Currently, our DI does not work in the true parallel mode. This means that all DI processes load all chunks of files into Kafka and wait when the system handles all those chunks in sequential order (FIFO - first in, first out).

For now, DI can not import some specific chunks from Kafka related to a selected job or a user. The feature UXPROD-3471: OCLC single record import takes extended time to complete when large data import jobs are running is not implemented yet.

This means that we don't need to execute performance tests with the parallel load. We can add some parallel load to mod-inventory module, but this module is never loaded in real life in such a way as to impact import.

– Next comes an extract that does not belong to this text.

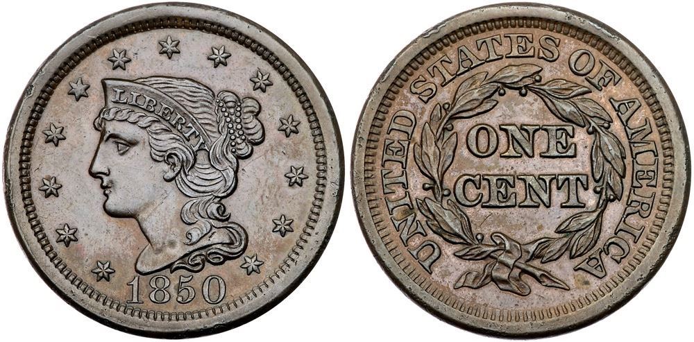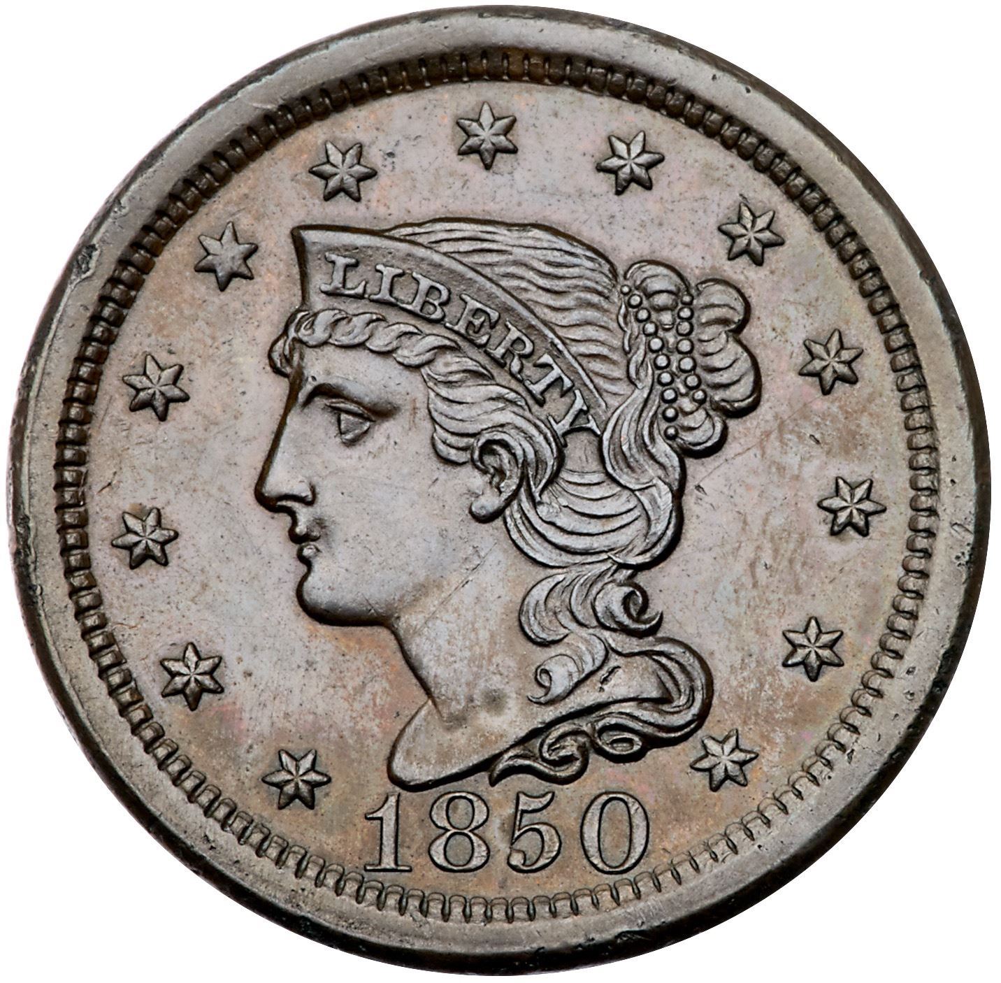 1850 N-26 R5- EF45Ten points sharper but there is a diagonal scratch high on the neck and a few barely visible rim bruises on both sides. Glossy chocolate brown with mint frost in the fields and protected areas. LDS, die state b. The die line at the dentils over the N in UNITED reaches only to the center of the letter.Pedigree: From the Fred H. Borcherdt Collection

Based on the above, to automate DI performance testing we need:

  1. Set up Perf environment. This environment will be working all time and shared between a few teams, but only devops team should have permission to update and reconfigure this by request, but it is important to do it very quickly because performance testing is very time consuming and downtime during the next changes (configuring/updating the system, changing different parameters, changing the number of the Kafka topics, etc.) should be as little as possible. Some configuration examples: LCP performance testing, Folijet - Lotus Snapshot Performance testing
  2. Automatically create job profiles to DI (usually  PTF - Create 2 and Updates Success - 1 profiles are applied). For this action, Karate task and Jenkins job can be used to start this test.
  3. Start one or more DIs in automatic mode. We should not start a new DI without checking the status of the previous DI: because the DI takes a lot of time and when some problems are met, we should analyze those ones before starting a new DI, otherwise, we might lose time and catch the same error. For automatic mode, we also can use Karate task and Jenkins job to start DI and another Jenkins job (or the same job) to analyze the status of launched DI  (Completed, not Completed or Completed with Errors). That related to automation of Update operation we should have direct access to DB trough CLI or JDBC connection for receiving latest Instance Ids (we need it for export operation).
  4. Start OCLC single record import in automatic mode. For testing "parallel" handling of OCLC import (this one record import should not wait until large data import will finish), we need an additional Karate task and Jenkins job to start OCLC imports.
  5. It is recommended:
    1. access to some graphical analytics tools: we need to check how much memory our modules use. This is also related to CPU resources and open DB connections;
    2. all logs should be collected in Kibana;
    3. access to some tools for analyzing application metrics and traces (telemetry).

PTF Data Import profiles

I propose to check the next approach:

  1. Create 1st Karate task to login and create two Job Profiles (create/update);
  2. Create 2nd Karate task to:
    1. login;
    2. check if there is not any active task:
      1. is true → this Karate task should start the DI and wait for it to be finished:
        1. finished with "Complete" status → next DI should be started.
        2. finished with "Completed with Errors" → the Karate task should be stopped;
  3. Create 3rd Karate task to login and start OCLC imports. This task can run automatically (by some scheduler every 15 minutes) in parallel with the 2nd task.

!!! One of the problems that should be solved is storage (around 1.5 GB) for files: 5K, 10K, 25K, 50K, 100K and 500K records.